🤖 AI Summary
To address “fusion degradation”—a critical issue in multimodal object detection (MMOD) arising from weakened unimodal representation capacity—this paper proposes the M²D-LIF framework, which rethinks MMOD from a unimodal learning perspective. We introduce the first linear-probe-based quantitative evaluation method to assess unimodal representation capability. To strengthen unimodal feature learning, we design Mono-Modality Distillation (M²D), a novel distillation mechanism that enhances modality-specific feature discriminability. Furthermore, we propose Local Illumination-aware Fusion (LIF), a lightweight and robust RGB–IR feature fusion strategy that adaptively integrates complementary cues under varying illumination conditions. Evaluated on three mainstream MMOD benchmarks, M²D-LIF significantly mitigates fusion degradation and achieves comprehensive performance gains over existing state-of-the-art methods, setting new benchmarks in both accuracy and efficiency.
📝 Abstract
Multi-Modal Object Detection (MMOD), due to its stronger adaptability to various complex environments, has been widely applied in various applications. Extensive research is dedicated to the RGB-IR object detection, primarily focusing on how to integrate complementary features from RGB-IR modalities. However, they neglect the mono-modality insufficient learning problem that the decreased feature extraction capability in multi-modal joint learning. This leads to an unreasonable but prevalent phenomenon--Fusion Degradation, which hinders the performance improvement of the MMOD model.
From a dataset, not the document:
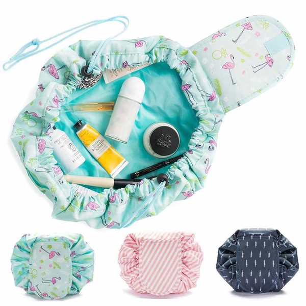 Cosmetic Bag, Cosmetic Bag Quick Make-Up Bag Make-up Bag Toiletry Bag with Drawstring (Turquoise Flamingos)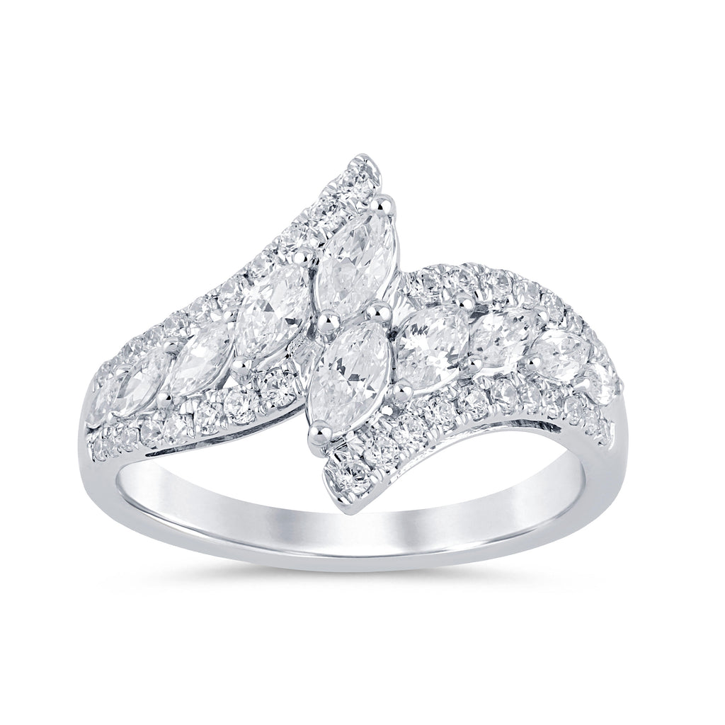 Indulge in luxury with our exquisite 18ct White Gold Marquise & Round Cut Diamond Ring. This ring features a stunning combination of marquise and round cut diamonds totalling 1.20 carats. Elevate any outfit and exude sophistication with this timeless piece.

Motivated by this, in this paper, we introduce linear probing evaluation to the multi-modal detectors and rethink the multi-modal object detection task from the mono-modality learning perspective. Therefore, we construct an novel framework called M$^2$D-LIF, which consists of the Mono-Modality Distillation (M$^2$D) method and the Local Illumination-aware Fusion (LIF) module. The M$^2$D-LIF framework facilitates the sufficient learning of mono-modality during multi-modal joint training and explores a lightweight yet effective feature fusion manner to achieve superior object detection performance. Extensive experiments conducted on three MMOD datasets demonstrate that our M$^2$D-LIF effectively mitigates the Fusion Degradation phenomenon and outperforms the previous SOTA detectors.